EXTRACTED INFORMATION:
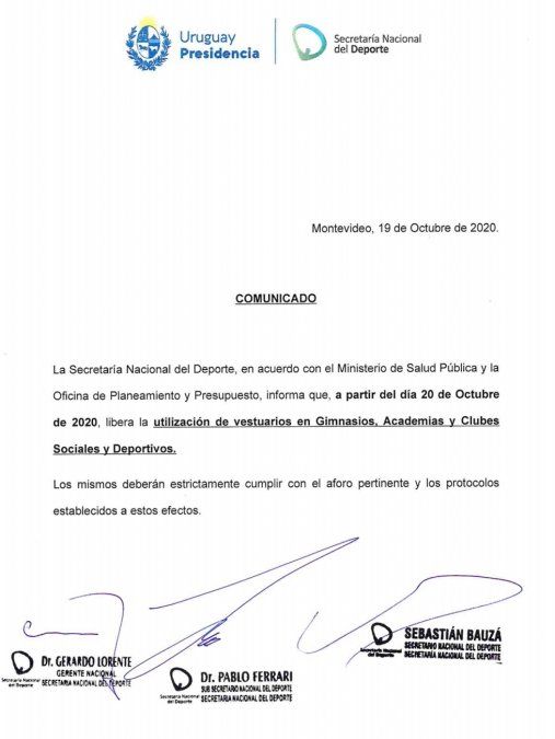 La Secretaría Nacional del Deporte anunció que a partir de este martes se libera la utilización de vestuarios en clubes, gimnasios y academias.
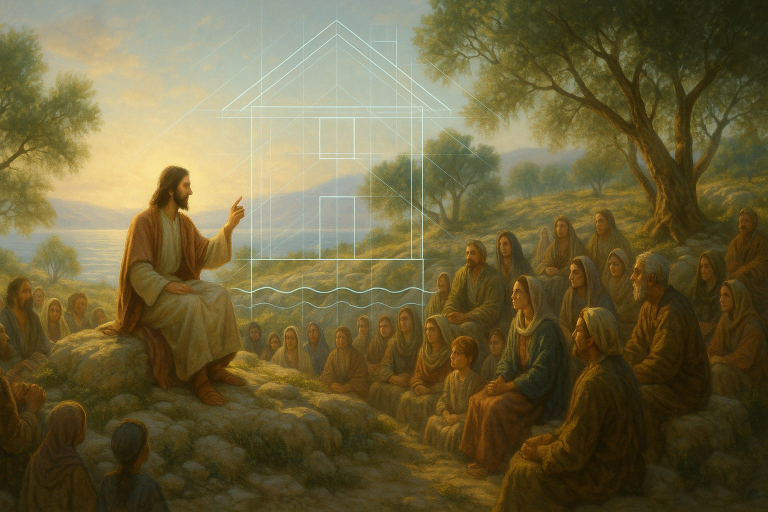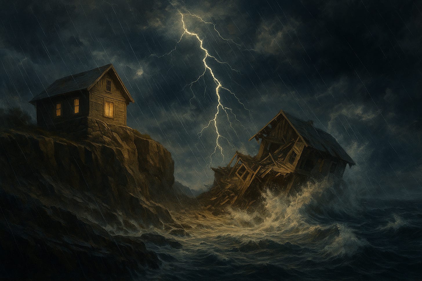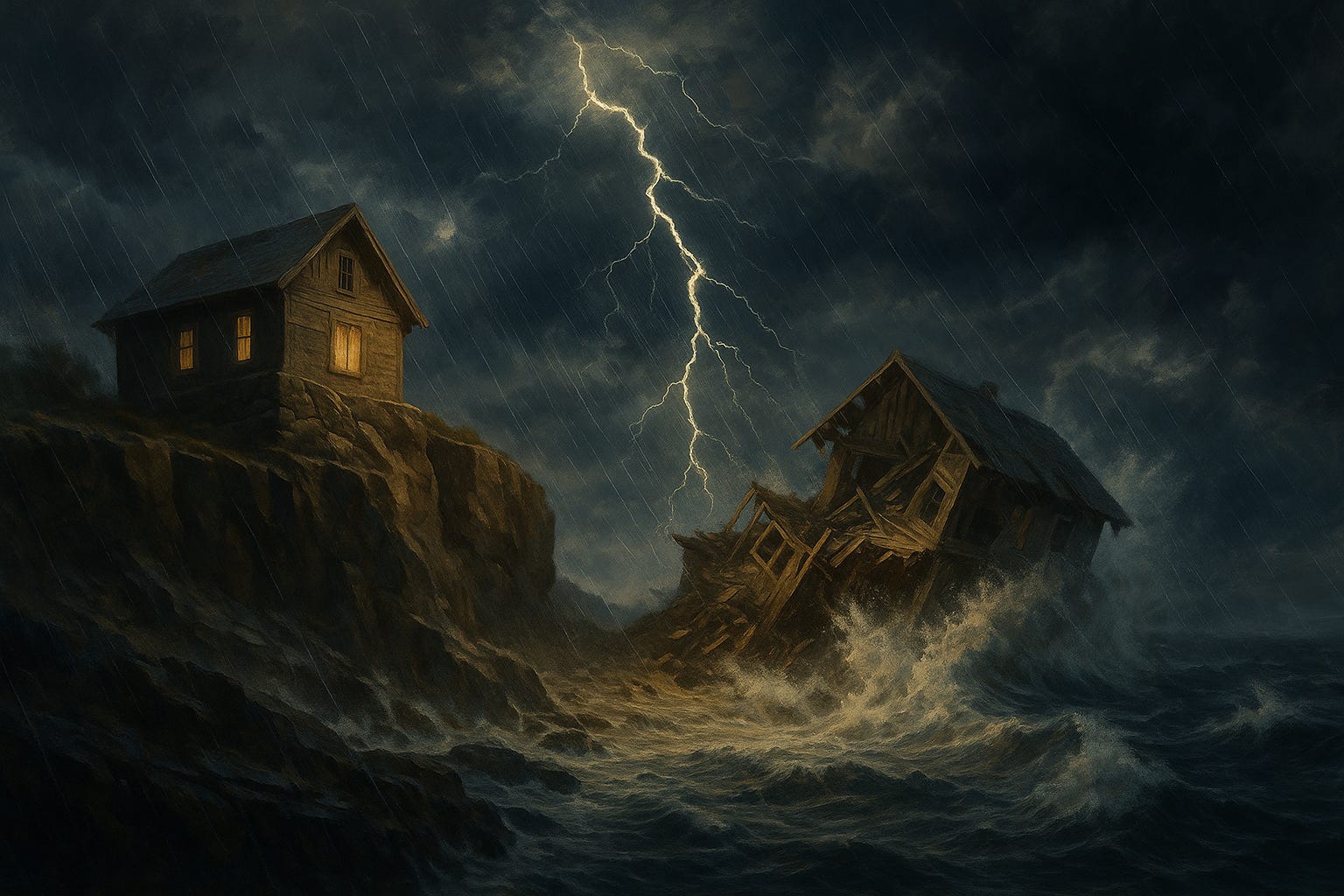 The sermon closes with a stress test. It is a picture of two houses that look fine initially then the sky opens, the torrent rises, the wind picks up, and when the storm passes only one is still standing. The difference is not schooling, money, power, or reputation; it is whether a man hears these words of Jesus and then does them. Hear without doing and the same storm that matures your neighbor will flatten you. Hear and do, and losses still come, diagnoses are still received, teenagers still push boundaries, but the frame holds because it was fastened to something stronger than your circumstances and your emotions. Jesus is deliberate when He says these words, because He means it as a whole way of life to be practiced together as a complete remodeling of your thinking—a renewal of mind and an ordering of loves. He hands you the Kingdom’s building code that is meant to outlast every storm because it is divine and eternal.
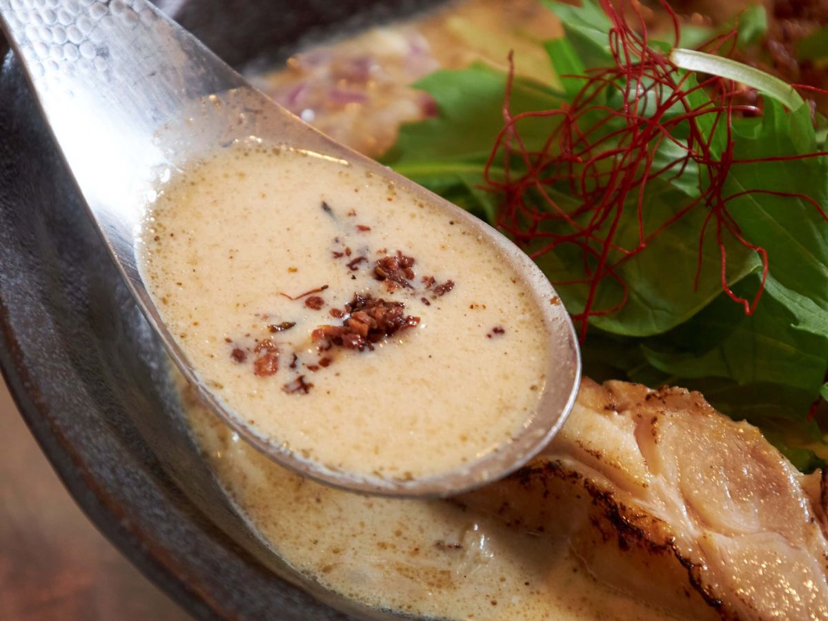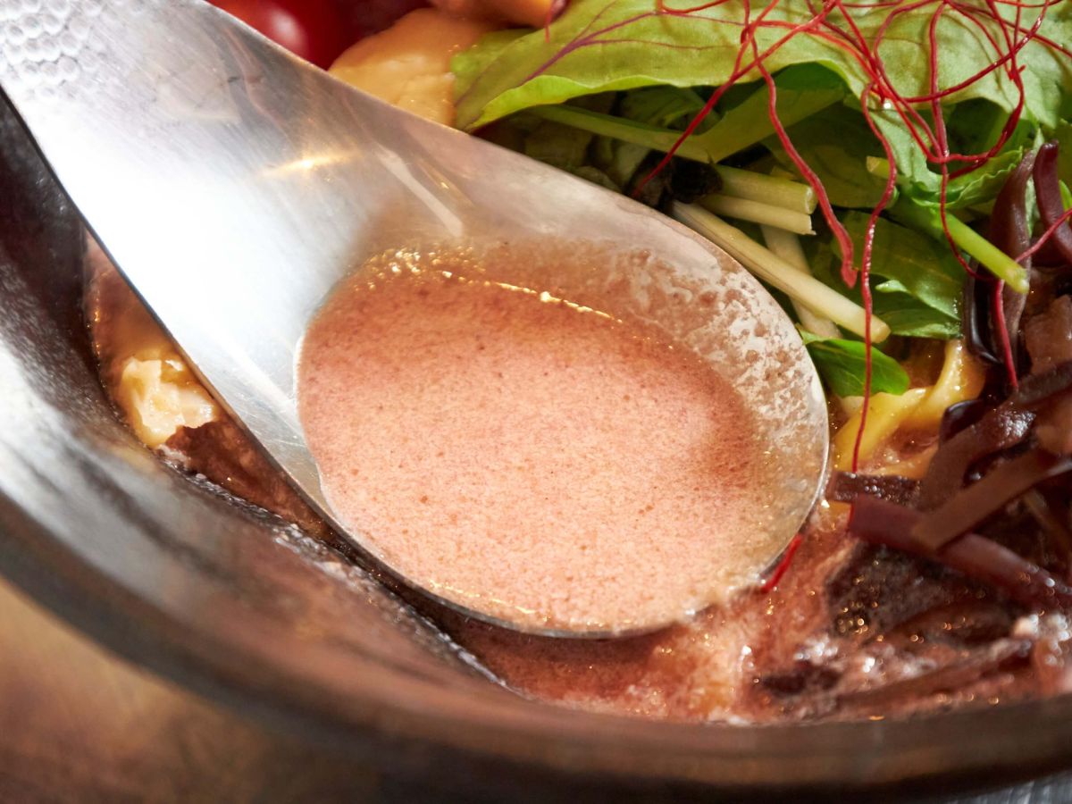 本店と原宿店の大きな違いは“スープ”です!“和風だし+とんこつ”をベースにしている本店に対して、原宿店は“和風だし+有機豆乳”で作られているのが特徴なんですよ。
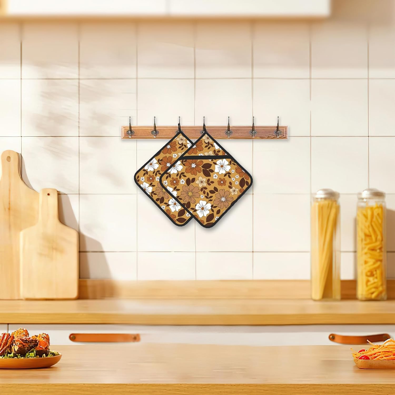 2 Pack Vintage Floral Pot Holders for Kitchen Heat Resistant, White Brown Flowers Potholders for Kitchens Washable for Cooking & Baking & Microwave
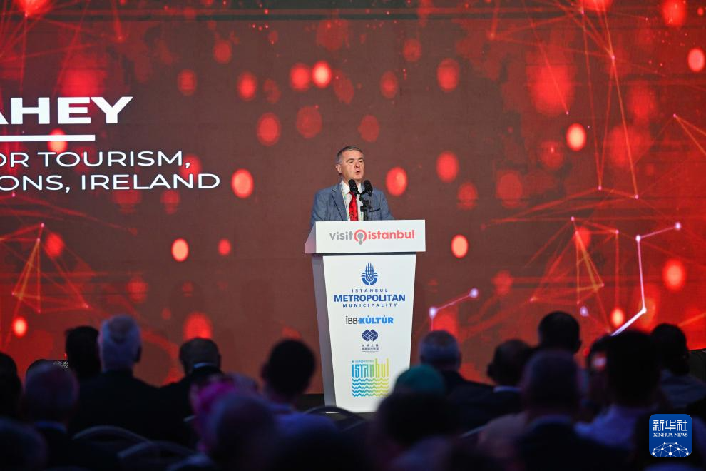 6月28日,在土耳其伊斯坦布尔,爱尔兰前旅游国务部长弗兰克·法希在活动现场发表演讲。
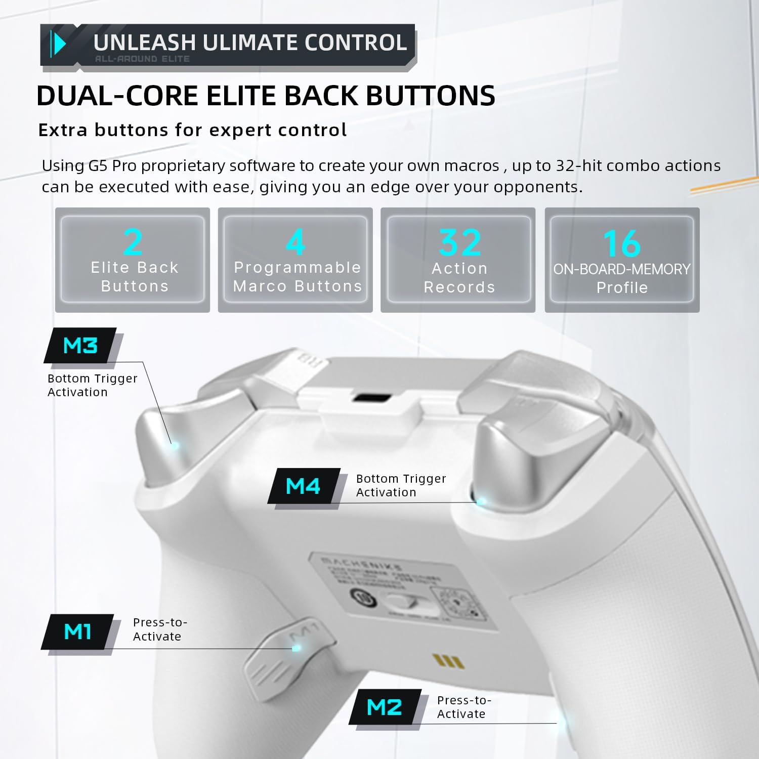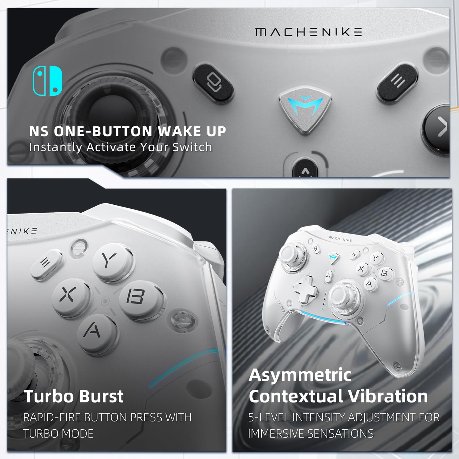 Безжичен контролер Machenike G5 Pro за Windows PC/Switch/IOS/Android, RGB светлини, PC контролер, джойстик и спусък с ефект на Хол, жироскоп, (бял)
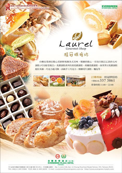 【台糖長榮酒店(台南) 桂冠烘焙坊】Laurel Gourmet Shop,以美食家之品味精神追求高極致美味,提供新鮮、天然、高品質產品是我們的堅持,期望能以對美食的精神作為我們與您的共鳴。
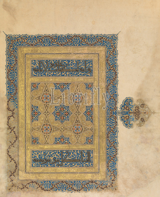 Opening Folio, 26th Volume, Anonymous Baghdad Qur', .H, 706/ .D 1306–7, Iraq, Baghdad, Ink, opaque watercolor, gold, paper, 17 x 13 7/8in, 43.2 35.2cm, Codices, right half, double page opening, volume, Qur', patron, unknown, know, calligrapher, Ahmad ibn, al, Suhrawardi, famous student, master scribe, Yaqut, Musta'simi, illuminator, Muhammad, Aibak, collaborated, several outstanding, Qur'ans
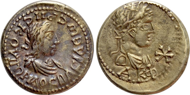 - Бюст императора вправо, год ΑΚΦ (521 г. б.э.), справа "звезда"
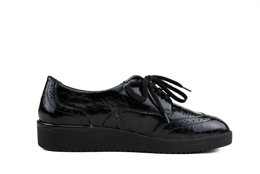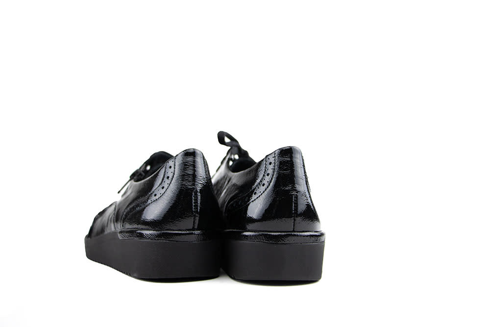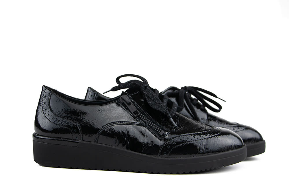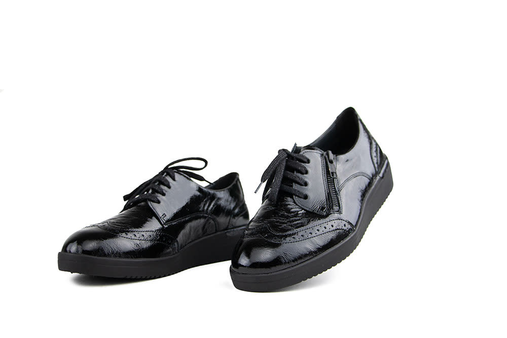 Shiny black leather Solidus women's lace-up shoes for fall. The shoes have a patent finish, a brogue motif and a glitter finish in the laces. You slip the shoes on easily with the zipper on the side. On the feet they are great because of the soft materials, lightweight sole and super fit. Extra nice are the K width and the removable footbed. With these lace-up shoes on your feet, you will be prepared for any situation.
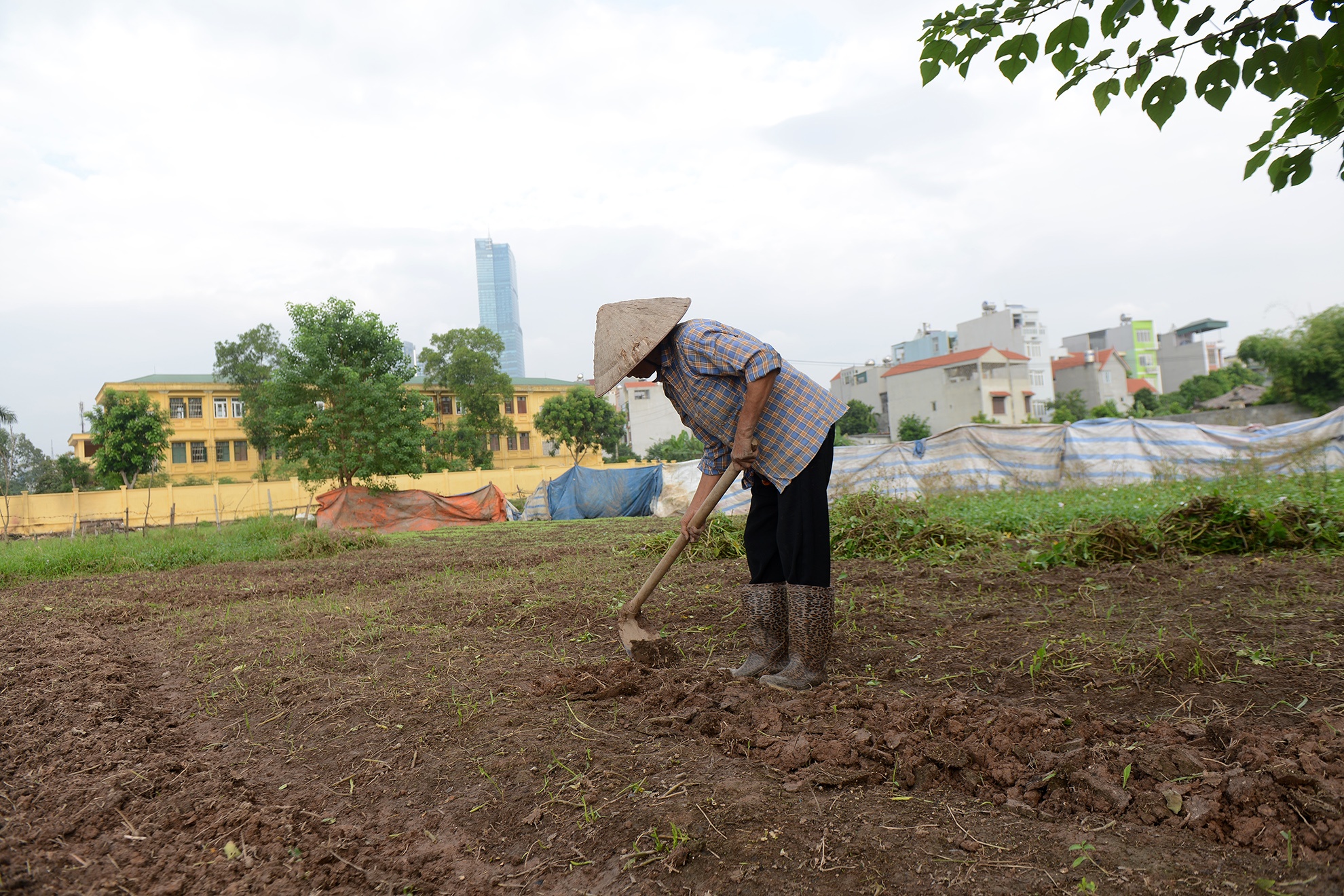 Bà Nguyễn Thị Vinh, người làng Mễ Trì Thượng đã mượn một khoảnh đất để tăng gia. Trên diện tích mấy trăm m2, bà trồng đủ loại hoa màu, rau, củ bán cho dân sinh sống quanh khu vực. Hai năm nay, trung bình mỗi tháng, bà Vinh có thu nhập khoảng 5 triệu đồng từ những sào ruộng không phải đóng thuế này. |
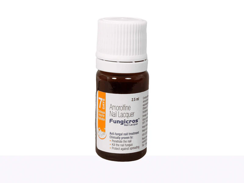 Fungicros Nail Lacquer is a clinically tested antifungal treatment formulated with Amorolfine 5%, known for its broad-spectrum antifungal action. It effectively treats and prevents fungal nail infections, promoting stronger, healthier nails.
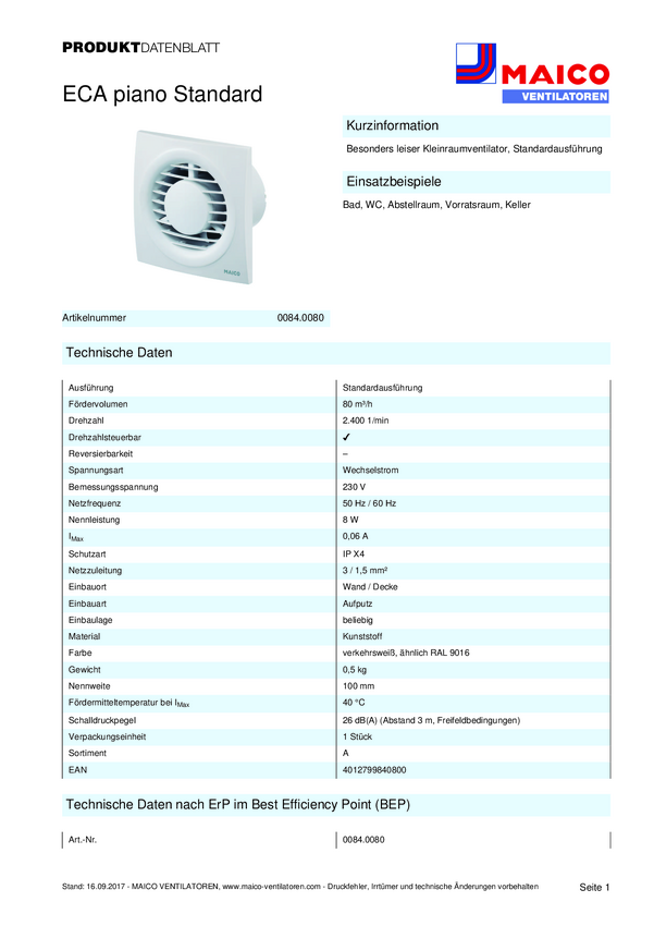 Wentylator ścienny i sufitowy Maico Ventilatoren ECA piano Standard 230 V 80 m³/h 10 cm

WHAT IS NEEDED: From the records above, return exactly the lines running from the one that contains "Opening Folio, 26th" down to the one that contains "Fungicros Nail Lacquer", both included, without any pictures.

ANSWER BELOW:
 Opening Folio, 26th Volume, Anonymous Baghdad Qur', .H, 706/ .D 1306–7, Iraq, Baghdad, Ink, opaque watercolor, gold, paper, 17 x 13 7/8in, 43.2 35.2cm, Codices, right half, double page opening, volume, Qur', patron, unknown, know, calligrapher, Ahmad ibn, al, Suhrawardi, famous student, master scribe, Yaqut, Musta'simi, illuminator, Muhammad, Aibak, collaborated, several outstanding, Qur'ans
 - Бюст императора вправо, год ΑΚΦ (521 г. б.э.), справа "звезда"
 Shiny black leather Solidus women's lace-up shoes for fall. The shoes have a patent finish, a brogue motif and a glitter finish in the laces. You slip the shoes on easily with the zipper on the side. On the feet they are great because of the soft materials, lightweight sole and super fit. Extra nice are the K width and the removable footbed. With these lace-up shoes on your feet, you will be prepared for any situation.
 Bà Nguyễn Thị Vinh, người làng Mễ Trì Thượng đã mượn một khoảnh đất để tăng gia. Trên diện tích mấy trăm m2, bà trồng đủ loại hoa màu, rau, củ bán cho dân sinh sống quanh khu vực. Hai năm nay, trung bình mỗi tháng, bà Vinh có thu nhập khoảng 5 triệu đồng từ những sào ruộng không phải đóng thuế này. |
 Fungicros Nail Lacquer is a clinically tested antifungal treatment formulated with Amorolfine 5%, known for its broad-spectrum antifungal action. It effectively treats and prevents fungal nail infections, promoting stronger, healthier nails.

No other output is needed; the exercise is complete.